In demanding a Palestinian democracy as a precondition to statehood, Bush reversed another one of the cherished assumptions of Oslo: that an Arafat, as Yitzchak Rabin put it, unrestrained by human rights activists or a supreme court, would be the best guarantee of Israel’s security. The last nine years have clearly established the contrary. Dictators, particularly ones such as Arafat who have failed to relieve their people’s misery, must create an external demon to distract their people from their own failures. It is thus no accident that over the nine years of Oslo, Arafat has whipped the Palestinians into a frenzy of hatred perhaps without precedent in human history.
Israeli doves who criticized the President for placing unreasonable demands on the Palestinians may be right that the Palestinians will never create a democracy, but if so they will never be capable of peaceful coexistence either.
THOUGH the Europeans continue to whine that Arafat is the democratically elected leader of the Palestinian people and to ridicule President Bush’s cowboy diplomacy, the remarkable thing is how great the impact of the speech has already been. The President’s call for freedom for Palestinians has emboldened Palestinians themselves to speak out against the kleptocracy to which they have been subject for the last nine years. The Europeans notwithstanding, it is clear that even Arafat’s erstwhile sponsors in the Arab world will not extend him a helping hand in his hour of need and that he now rules on borrowed time.
For the first time, revelations of Palestinian Authority corruption are appearing every day, not just in the Western press, but in the Arabic press as well.
Much else has changed as well. Now that the White House has clearly acknowledged that the Palestinian Authority in knee-deep in terror against Israeli civilians there is no longer any basis for questioning Israel’s right to act to extirpate the terror infrastructure. As a consequence, the current Operation Determined Path is being conducted in a slow, methodical fashion, not constantly under the gun of American pressure to withdraw, as was the case in Operation Defensive Shield. As a result, Israel has been able to act in ways that entail far less danger to Israeli troops, but also reduce the likelihood of Palestinian civilian casualties.
For months, the United States State Department accepted the Arab line that ``progress" towards a political resolution of the Palestinian-Israeli conflict – i.e., further Israeli concessions – is a necessary precondition for an American attack on Saddam Hussein.
According to this line, only America can pressure the parties – i.e., Israel – into a settlement, and America bears responsibility for the carnage that results from its failure to do so.

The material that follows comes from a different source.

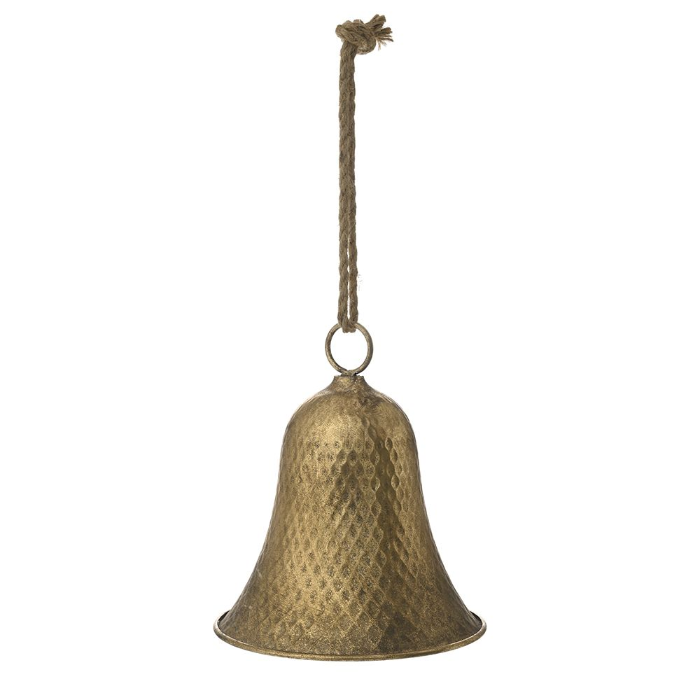 Χρυσή μεταλλική καμπάνα (Φ21x25 εκ.) – εντυπωσιακή χριστουγεννιάτικη διακόσμηση που προσφέρει λάμψη και πολυτέλεια στον χώρο σας. Ιδανική για το γιορτινό στολισμό.

The view that a lack of American involvement explains the escalating violence has been clearly refuted empirically. Indeed the exact opposite turns out to have been the case. The most intensive American involvement ever at Camp David triggered the most intense wave of Palestinian terrorism yet seen in the region. The more that Israel seemed susceptible to American pressure the more convinced the Palestinians became that terror served their cause. Every visit to the region by top American emissaries has resulted in an outbreak of suicide bombings.
President Bush has now signaled that he has no desire to recapitulate the failures of the Clinton Middle East peacemaking. Nor will he let the war on Saddam Hussein be held hostage by the Palestinians. Planning for an all-out effort to replace Hussein proceeds apace quite independent of the Palestinian-Israel conflict.
That too is just one more reason to be grateful for Israel’s best friend ever in the White House.